-- Data provided follows --

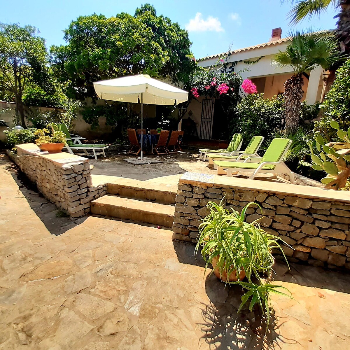 Незалежна вілла в межах резиденції приблизно в 1,5 км від селища та пляжу. Середземноморський сад міцний, великий, ексклюзивний і обладнаний усім необхідним. Дві великі тераси. Кухня та душ на відкритому повітрі. Ви можете насолодитися чудовим видом на Монте-Кофано, Еріче та Егаді. Будинок обладнаний всім зручностям. Є дві спальні: двоспальна та одна з двома односпальними ліжками, вітальня з диваном-ліжком та смарт-телевізором, кондиціонер, Wi-Fi, крісло-гойдалка та барбекю.
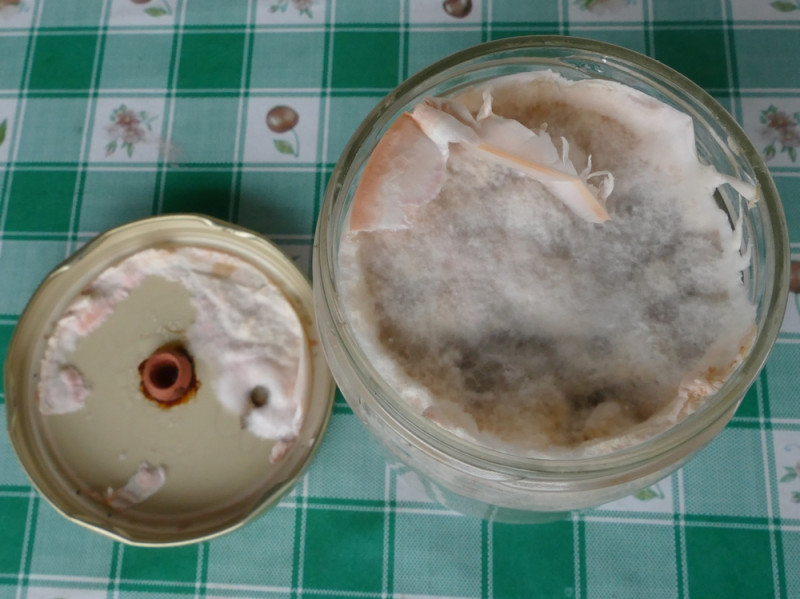 Heute entdeckte ich in der Thermobox, wo die Gläser mit Körnerbrut stehen, nach einer Erhöhung der Luftfeuchtigkeit von 40 auf 70% auf einem Glas eine explosionsartige Ausblühung von Bäckerschimmel. Das Ganze ist in nur 6-7 Stunden passiert, ohne dass vorher irgend etwas zu sehen gewesen wäre. Ich kontrolliere alles 3-4x täglich auf Temperatur, Luftfeuchte und Aussehen.
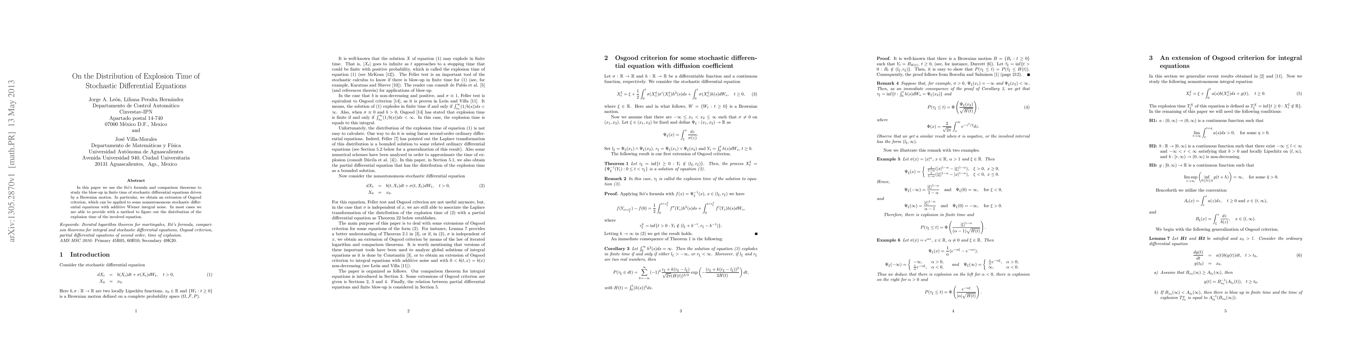 This paper uses stochastic differential equations to study the distribution of explosion time in finite time, providing a method to determine when these equations blow up in time. It extends an existing criterion for nonautonomous equations with additive Wiener integral noise, offering insights into controlled outcomes.
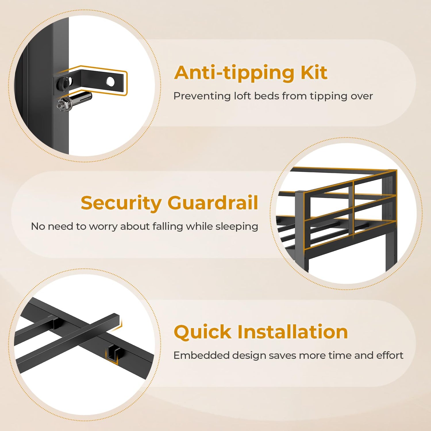 - 【Safety Bunk Bed】-Our safety Loft bed features a full-length 13.1”H guardrail on the top bunk, ensuring that the sleeper is protected at all times. with anti-tip devices, this loft bed offers extra stability, ensuring it remains firmly in place.Whether it's for your kids or guests, you can rest assured knowing that safety is our top priority
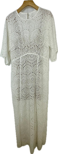 White Short Sleeve Maxi Dress- featuring eyelet details and a nude short slip underneath for added coverage
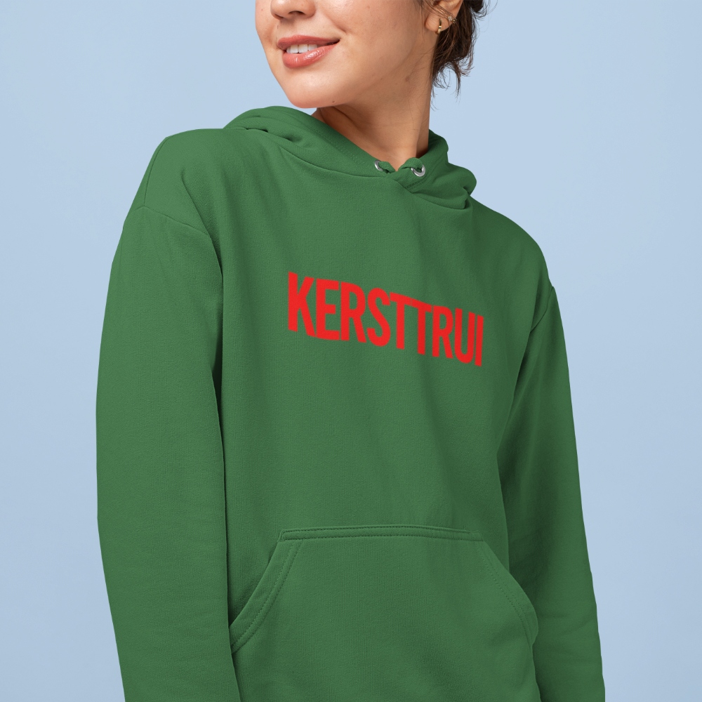 Deze kleurrijke premium kerst hoodie met de tekst Kersttrui op de borst is voor iedereen met goede dosis droge humor! De donkergroene capuchon sweater is heerlijk comfortabel en houdt je lekker warm tijdens de winterdagen. Het heeft een uniseks fit en is daarmee geschikt voor zowel dames als heren. Verkrijgbaar in de maten XS t/m 4XL.
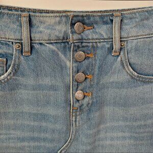 High-Waisted Button-Fly Raw-Hem Jean Skirt, Sz 4

-- Data provided concluded --

**Assignment**
Please reproduce the lines exactly from the one containing "- 【Safety Bunk" through the last line of the data above, and keep the pictures out.

**Reply**
 - 【Safety Bunk Bed】-Our safety Loft bed features a full-length 13.1”H guardrail on the top bunk, ensuring that the sleeper is protected at all times. with anti-tip devices, this loft bed offers extra stability, ensuring it remains firmly in place.Whether it's for your kids or guests, you can rest assured knowing that safety is our top priority
 White Short Sleeve Maxi Dress- featuring eyelet details and a nude short slip underneath for added coverage
 Deze kleurrijke premium kerst hoodie met de tekst Kersttrui op de borst is voor iedereen met goede dosis droge humor! De donkergroene capuchon sweater is heerlijk comfortabel en houdt je lekker warm tijdens de winterdagen. Het heeft een uniseks fit en is daarmee geschikt voor zowel dames als heren. Verkrijgbaar in de maten XS t/m 4XL.
 High-Waisted Button-Fly Raw-Hem Jean Skirt, Sz 4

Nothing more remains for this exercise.